▶ _WHAT THE TASK ASKS_:
Of the entries below, return only those lines from the line with "- Большой бак" to the line with "Además, algunos prefirieron", exactly, both included.

▶ _ENTRIES SHOWN_:
Content starts

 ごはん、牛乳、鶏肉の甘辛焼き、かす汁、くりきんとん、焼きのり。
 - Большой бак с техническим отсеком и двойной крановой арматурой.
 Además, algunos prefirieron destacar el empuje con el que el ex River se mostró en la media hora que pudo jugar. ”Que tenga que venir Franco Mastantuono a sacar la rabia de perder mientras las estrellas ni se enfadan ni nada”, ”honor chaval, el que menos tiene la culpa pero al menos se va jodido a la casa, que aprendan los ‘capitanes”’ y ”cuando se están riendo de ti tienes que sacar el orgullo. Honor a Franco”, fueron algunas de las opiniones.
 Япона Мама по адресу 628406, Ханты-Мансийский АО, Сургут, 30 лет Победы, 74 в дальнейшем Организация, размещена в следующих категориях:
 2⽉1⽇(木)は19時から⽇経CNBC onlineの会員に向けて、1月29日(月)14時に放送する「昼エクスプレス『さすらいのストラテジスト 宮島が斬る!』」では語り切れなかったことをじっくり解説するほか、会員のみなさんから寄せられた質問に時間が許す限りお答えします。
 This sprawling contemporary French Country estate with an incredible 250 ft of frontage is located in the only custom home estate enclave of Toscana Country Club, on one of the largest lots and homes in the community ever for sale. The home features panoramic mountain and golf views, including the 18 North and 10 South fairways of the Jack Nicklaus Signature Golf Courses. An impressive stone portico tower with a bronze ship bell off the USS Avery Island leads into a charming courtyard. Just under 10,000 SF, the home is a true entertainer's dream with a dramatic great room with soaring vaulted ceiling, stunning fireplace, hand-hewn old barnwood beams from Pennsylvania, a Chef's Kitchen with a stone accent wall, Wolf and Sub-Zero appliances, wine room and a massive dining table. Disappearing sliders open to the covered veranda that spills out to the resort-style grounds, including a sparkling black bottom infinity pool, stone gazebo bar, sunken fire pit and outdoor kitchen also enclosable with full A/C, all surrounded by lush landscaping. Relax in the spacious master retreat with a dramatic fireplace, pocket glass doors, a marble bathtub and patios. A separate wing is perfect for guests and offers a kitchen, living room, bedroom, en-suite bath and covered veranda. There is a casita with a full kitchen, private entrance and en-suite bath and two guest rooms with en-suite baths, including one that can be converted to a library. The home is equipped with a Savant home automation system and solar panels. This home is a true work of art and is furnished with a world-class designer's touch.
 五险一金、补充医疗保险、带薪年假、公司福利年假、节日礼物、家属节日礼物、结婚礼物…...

Content ends
Content starts

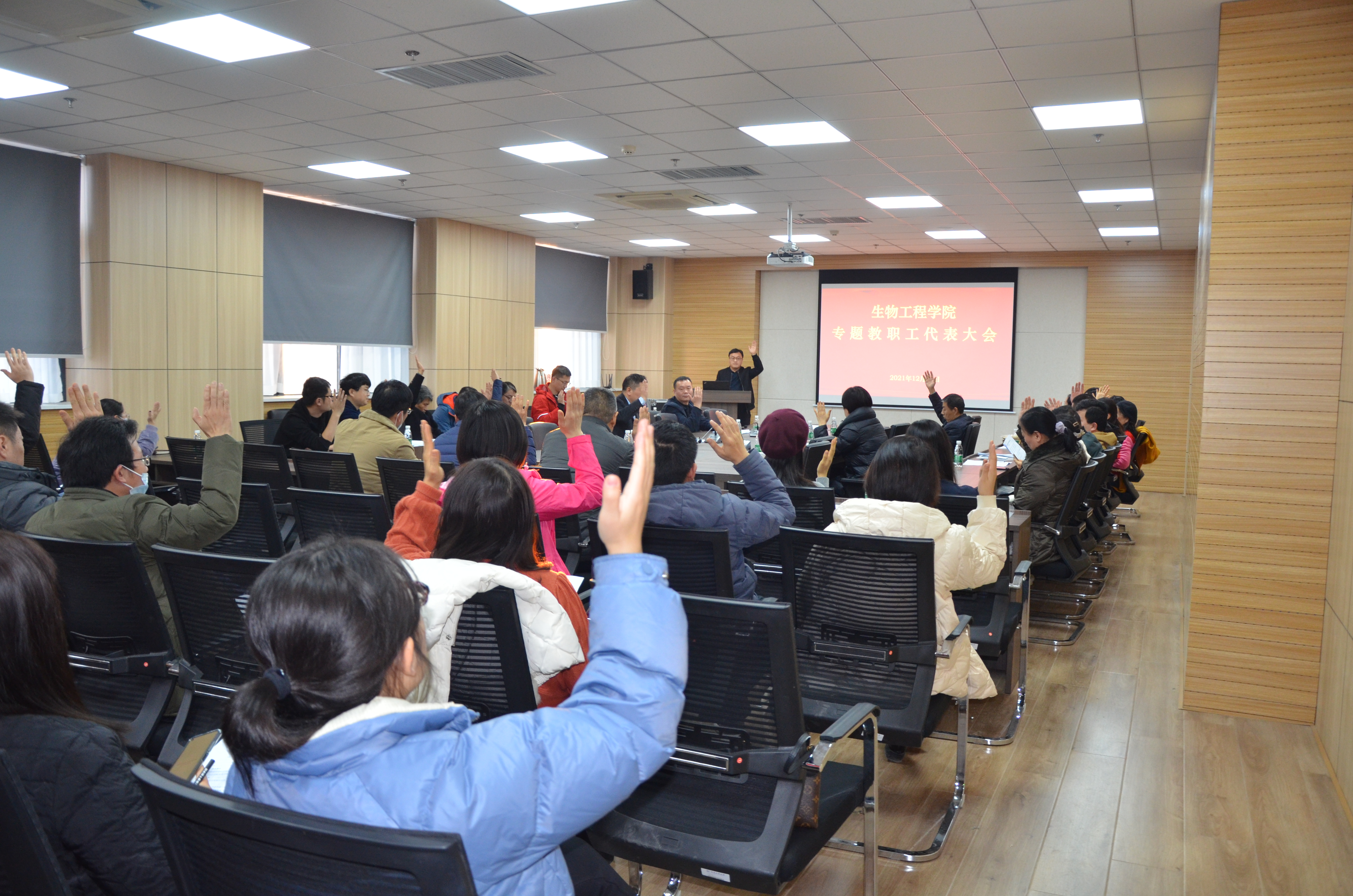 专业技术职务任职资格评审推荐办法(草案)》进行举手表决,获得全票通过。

Content ends

▶ _SOLUTION FOR THIS TASK_:
 - Большой бак с техническим отсеком и двойной крановой арматурой.
 Además, algunos prefirieron destacar el empuje con el que el ex River se mostró en la media hora que pudo jugar. ”Que tenga que venir Franco Mastantuono a sacar la rabia de perder mientras las estrellas ni se enfadan ni nada”, ”honor chaval, el que menos tiene la culpa pero al menos se va jodido a la casa, que aprendan los ‘capitanes”’ y ”cuando se están riendo de ti tienes que sacar el orgullo. Honor a Franco”, fueron algunas de las opiniones.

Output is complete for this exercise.